In 1623 a book was published in London under the title De Grotesco. Per utilis atq omnibus quibus pertinebit valde necessari Liber per Nicasius Rousseel ornatissimo, generosissimo atq variarum artium peritissimo viro Domino G Heriot. It contained prints engraved by Johan Barra (or Bara, or Jan Barra) after designs by Roussel and was dedicated to the Scottish goldsmith to the court and philanthropist George Heriot. Each page consists of a frame filled with grotesques composed of human masks and animal and bird monsters attached to
plant forms.
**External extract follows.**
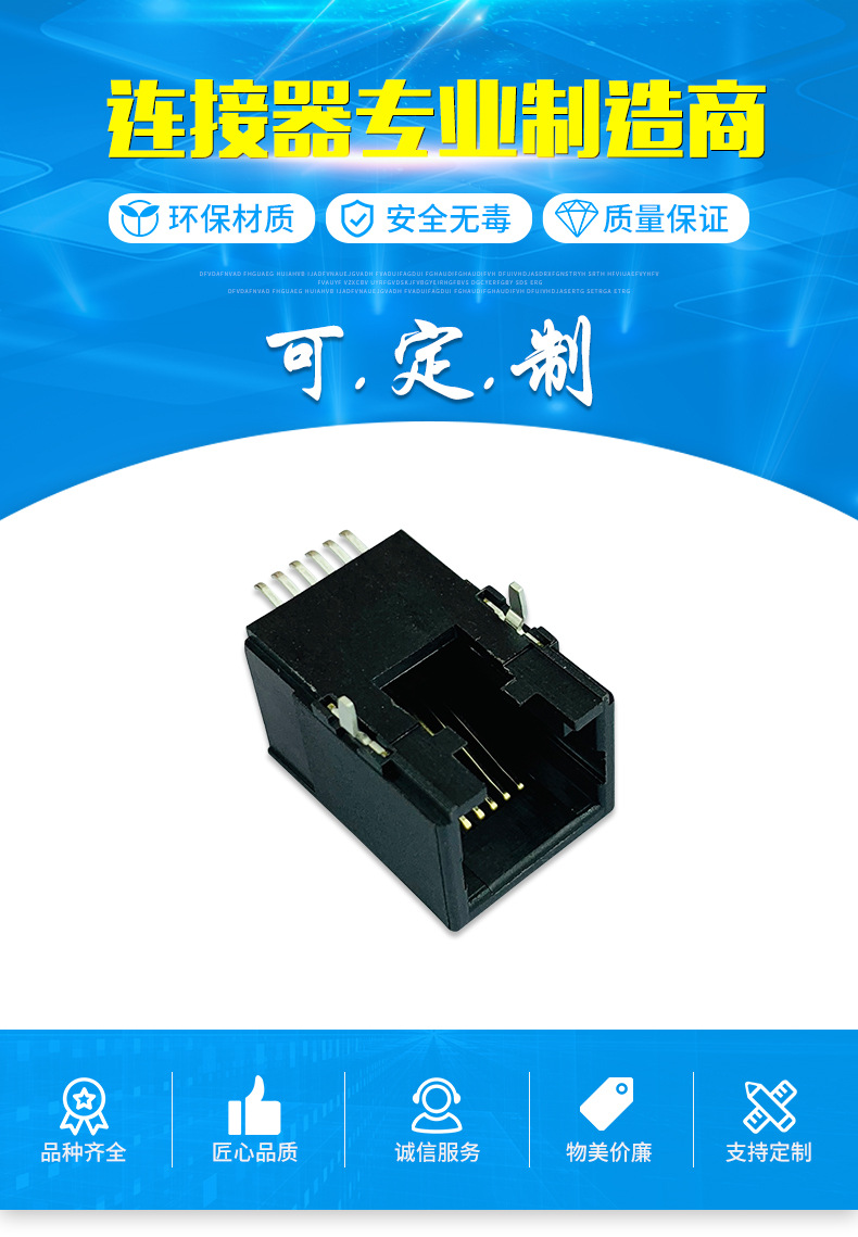 本公司提供優(yōu)良的RJ11、RJ12電話插接件、RJ45網(wǎng)絡(luò)插接件,耐環(huán)境RJ45防水連接器,防水電連接器及其它精密連接器,產(chǎn)品應(yīng)用于網(wǎng)絡(luò)通訊(電腦主板,網(wǎng)絡(luò)交換機(jī),路由器,電信設(shè)備)、惡劣環(huán)境下數(shù)據(jù)傳輸與控制及電源信號(hào)傳輸與控制(戶外LED顯示屏、機(jī)器控制、工業(yè)程序控制等)

In 1644 a Dutch language version of 12 of the plates was published in Amsterdam by Claes Jansz. Visscher under the title Seer aerdige / GROTISSEN / dienstich / alle die de Teyckenkonst hanteren / getekent door / Nicasius Rouseel / gedruckt bÿ / CJVisscher. A.o / 1644. This set was subsequently re-issued probably by Nicolaes Visscher II around 1680 and by Joannes de Ram in 1684.

=== Family ===
Nicasius Roussel married Jacomina Wils on 21 April 1590. He remarried after the death of his wife to Clara Johnson in the Dutch church on 27 November 1604. His second wife was reportedly the sister of the painter Cornelius Johnson.

His daughter Elizabeth married John Symcotts of Iseworth. His son Nicasius was a clockmaker. Another son named Theodore (born in 1614) was a painter, who produced copies of portraits by Anthony van Dyck.